**TASK ITEM:**
Nothing outside the lines below from the one containing "Dualband-WLAN: Den externa" through the one containing "MODE D'EMPLOI Quatcopter Nano Pocket Revell" is to be printed; print those exactly, ends included, and drop the pictures.

**RECORDED DATA:**
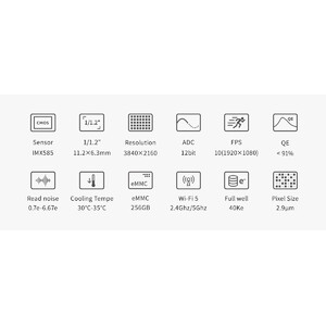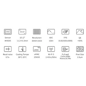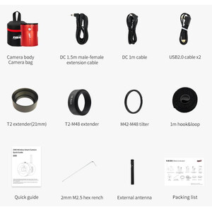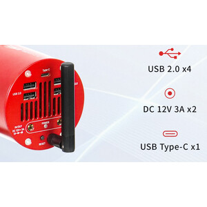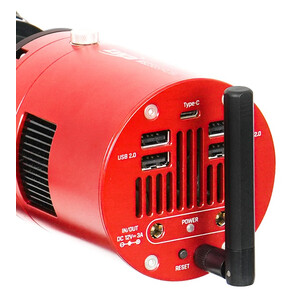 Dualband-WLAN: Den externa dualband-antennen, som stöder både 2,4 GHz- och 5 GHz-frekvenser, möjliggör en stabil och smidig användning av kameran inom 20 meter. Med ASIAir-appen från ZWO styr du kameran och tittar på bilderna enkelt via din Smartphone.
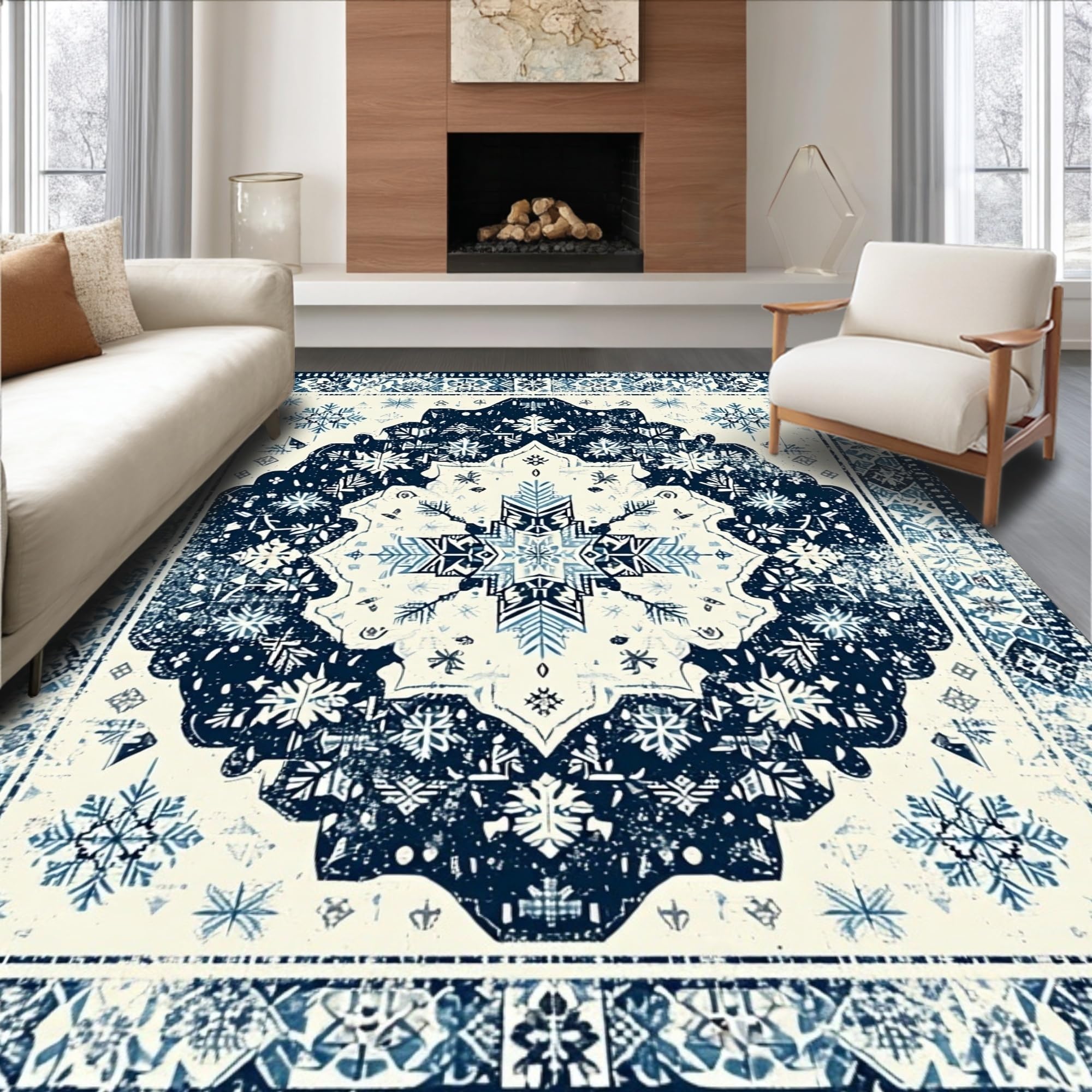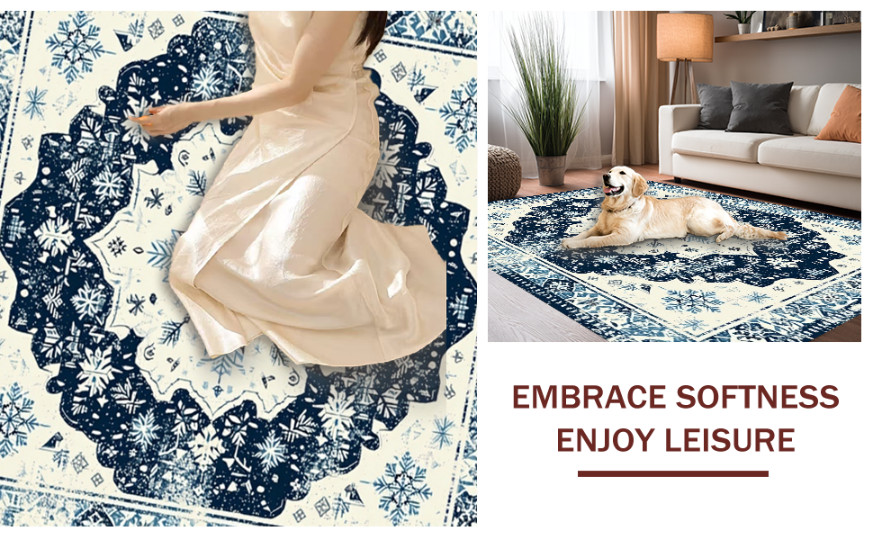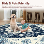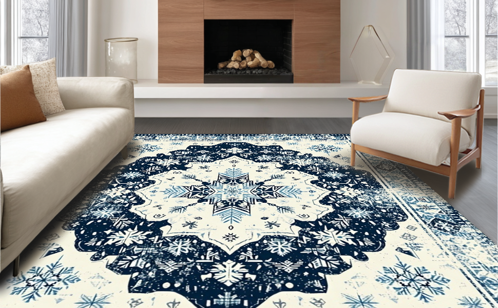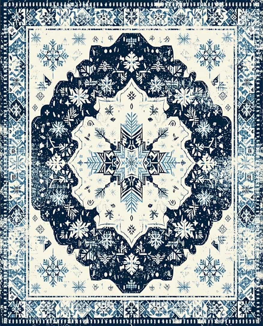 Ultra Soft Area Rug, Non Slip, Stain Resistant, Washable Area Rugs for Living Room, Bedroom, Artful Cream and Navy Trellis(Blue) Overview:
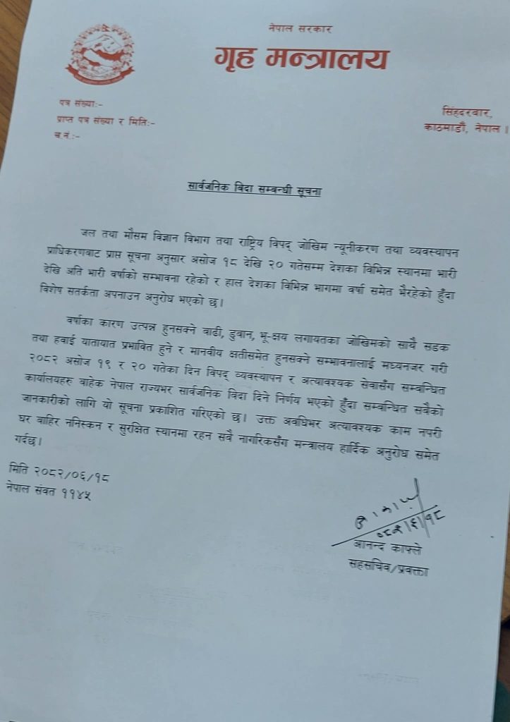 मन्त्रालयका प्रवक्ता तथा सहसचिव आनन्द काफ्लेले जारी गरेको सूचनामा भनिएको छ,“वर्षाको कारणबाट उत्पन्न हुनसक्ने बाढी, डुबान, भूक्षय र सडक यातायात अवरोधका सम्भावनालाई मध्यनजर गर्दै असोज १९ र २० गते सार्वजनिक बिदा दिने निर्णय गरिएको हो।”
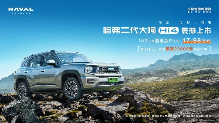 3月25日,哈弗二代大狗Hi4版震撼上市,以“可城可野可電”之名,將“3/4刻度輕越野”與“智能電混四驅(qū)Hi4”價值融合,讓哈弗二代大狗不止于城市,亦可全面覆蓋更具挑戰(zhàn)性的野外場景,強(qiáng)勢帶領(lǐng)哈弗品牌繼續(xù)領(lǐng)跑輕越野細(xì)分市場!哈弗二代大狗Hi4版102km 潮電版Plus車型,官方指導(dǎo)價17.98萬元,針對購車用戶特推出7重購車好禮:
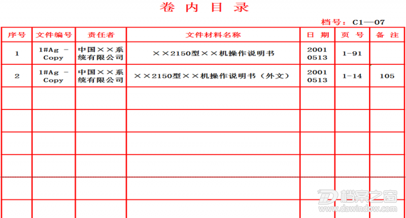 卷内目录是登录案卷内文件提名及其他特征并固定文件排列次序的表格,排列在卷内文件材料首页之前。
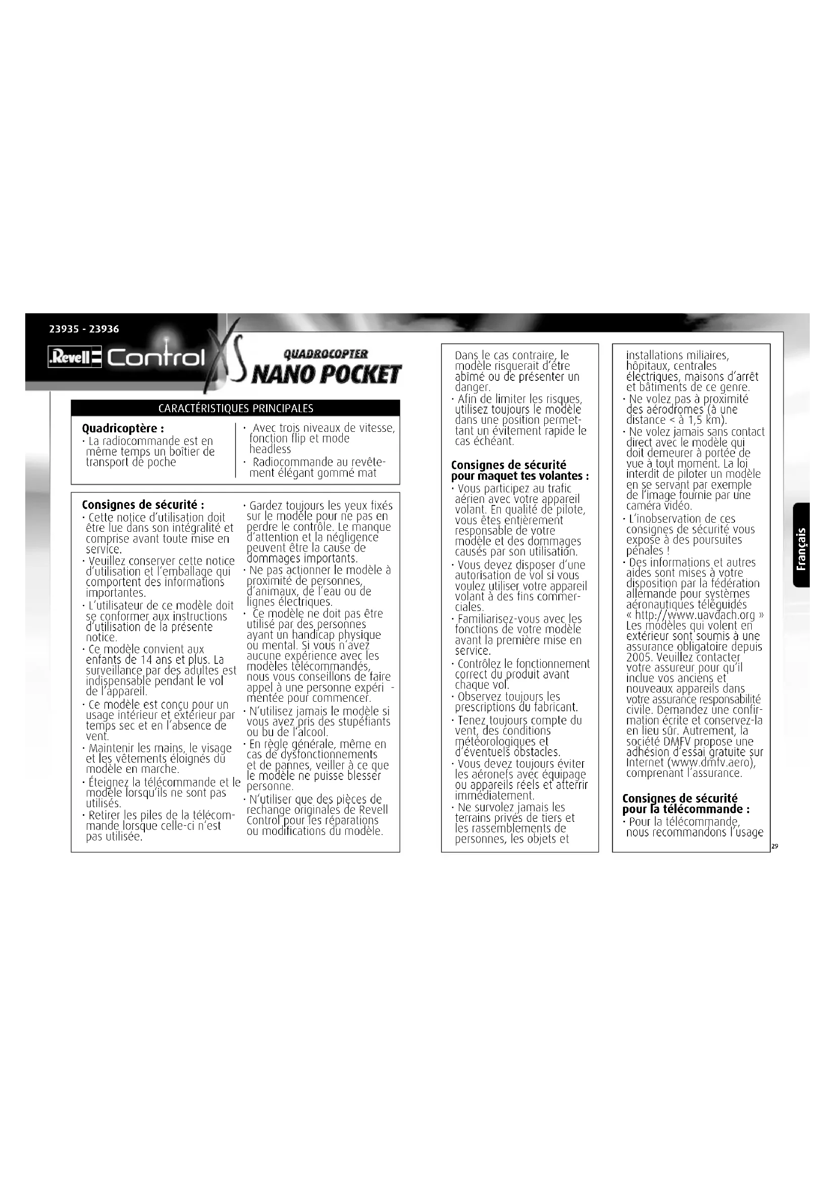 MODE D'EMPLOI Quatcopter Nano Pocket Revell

==

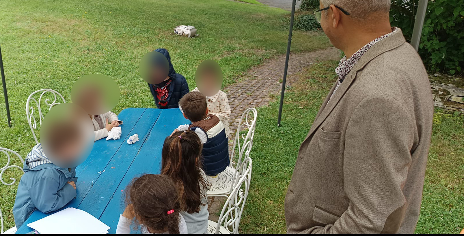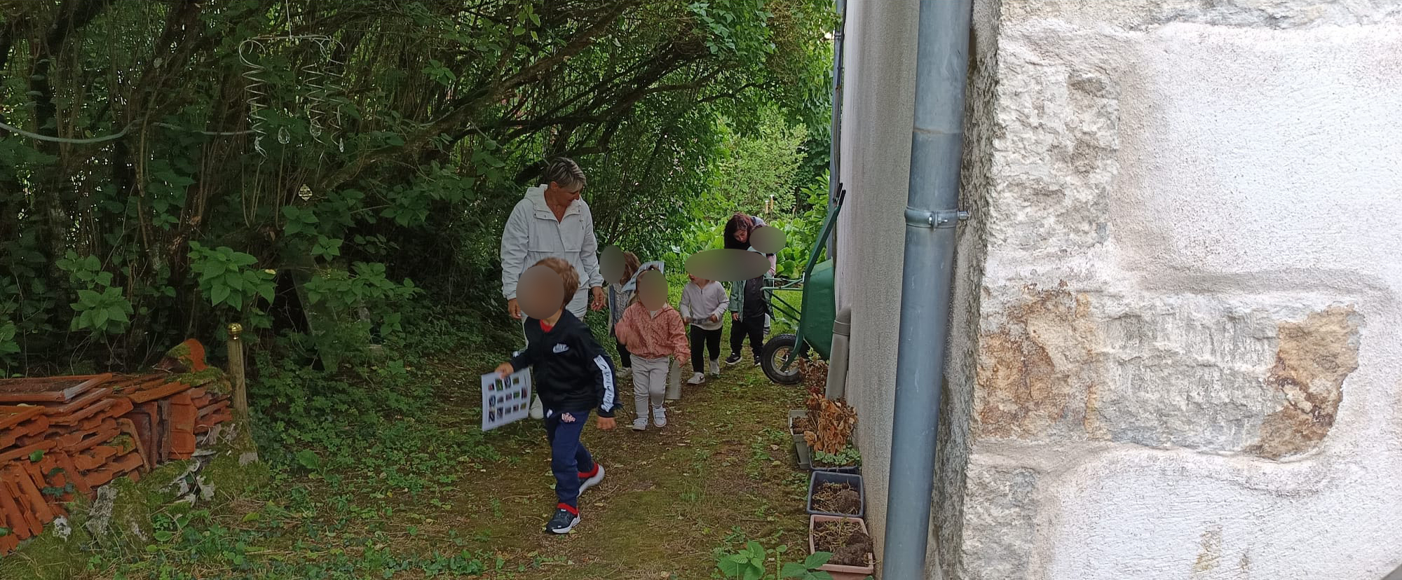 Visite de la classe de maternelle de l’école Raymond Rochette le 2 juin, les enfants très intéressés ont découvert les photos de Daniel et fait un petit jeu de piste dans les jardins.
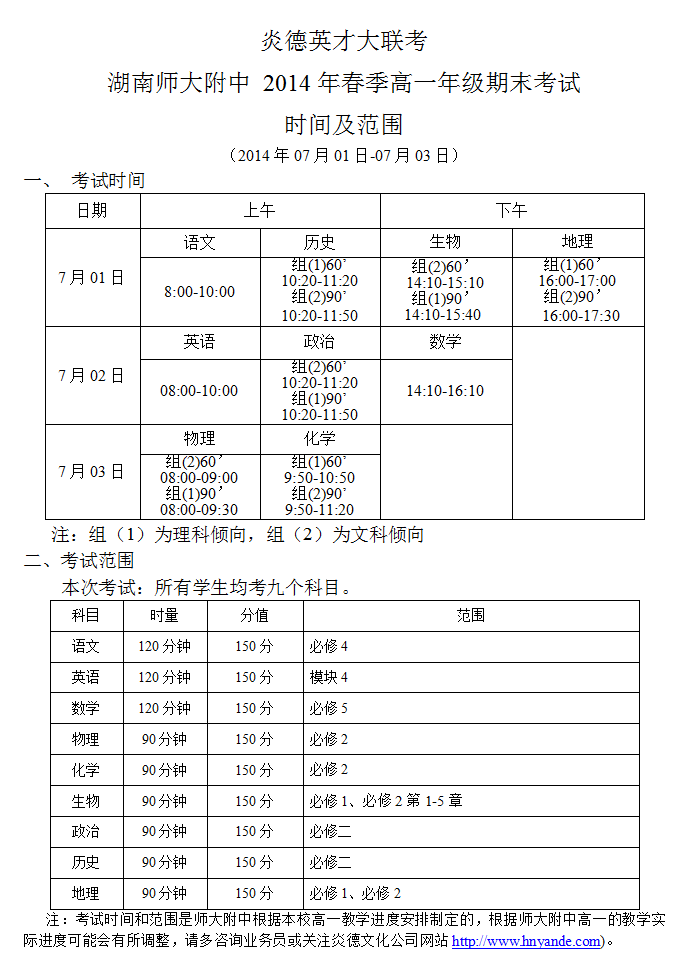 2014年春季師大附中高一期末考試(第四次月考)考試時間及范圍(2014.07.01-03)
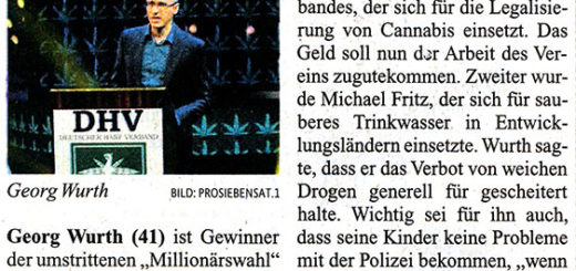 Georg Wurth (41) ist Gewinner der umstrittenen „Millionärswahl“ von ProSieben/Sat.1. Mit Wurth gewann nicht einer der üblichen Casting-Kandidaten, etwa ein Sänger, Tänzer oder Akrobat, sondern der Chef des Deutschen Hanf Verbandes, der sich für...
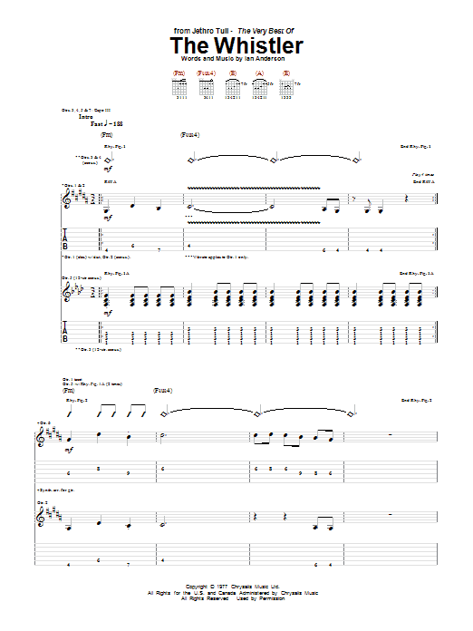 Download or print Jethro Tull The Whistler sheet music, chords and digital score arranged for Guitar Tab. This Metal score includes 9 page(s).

**ANSWER BELOW:**
 Dualband-WLAN: Den externa dualband-antennen, som stöder både 2,4 GHz- och 5 GHz-frekvenser, möjliggör en stabil och smidig användning av kameran inom 20 meter. Med ASIAir-appen från ZWO styr du kameran och tittar på bilderna enkelt via din Smartphone.
 Ultra Soft Area Rug, Non Slip, Stain Resistant, Washable Area Rugs for Living Room, Bedroom, Artful Cream and Navy Trellis(Blue) Overview:
 मन्त्रालयका प्रवक्ता तथा सहसचिव आनन्द काफ्लेले जारी गरेको सूचनामा भनिएको छ,“वर्षाको कारणबाट उत्पन्न हुनसक्ने बाढी, डुबान, भूक्षय र सडक यातायात अवरोधका सम्भावनालाई मध्यनजर गर्दै असोज १९ र २० गते सार्वजनिक बिदा दिने निर्णय गरिएको हो।”
 3月25日,哈弗二代大狗Hi4版震撼上市,以“可城可野可電”之名,將“3/4刻度輕越野”與“智能電混四驅(qū)Hi4”價值融合,讓哈弗二代大狗不止于城市,亦可全面覆蓋更具挑戰(zhàn)性的野外場景,強(qiáng)勢帶領(lǐng)哈弗品牌繼續(xù)領(lǐng)跑輕越野細(xì)分市場!哈弗二代大狗Hi4版102km 潮電版Plus車型,官方指導(dǎo)價17.98萬元,針對購車用戶特推出7重購車好禮:
 卷内目录是登录案卷内文件提名及其他特征并固定文件排列次序的表格,排列在卷内文件材料首页之前。
 MODE D'EMPLOI Quatcopter Nano Pocket Revell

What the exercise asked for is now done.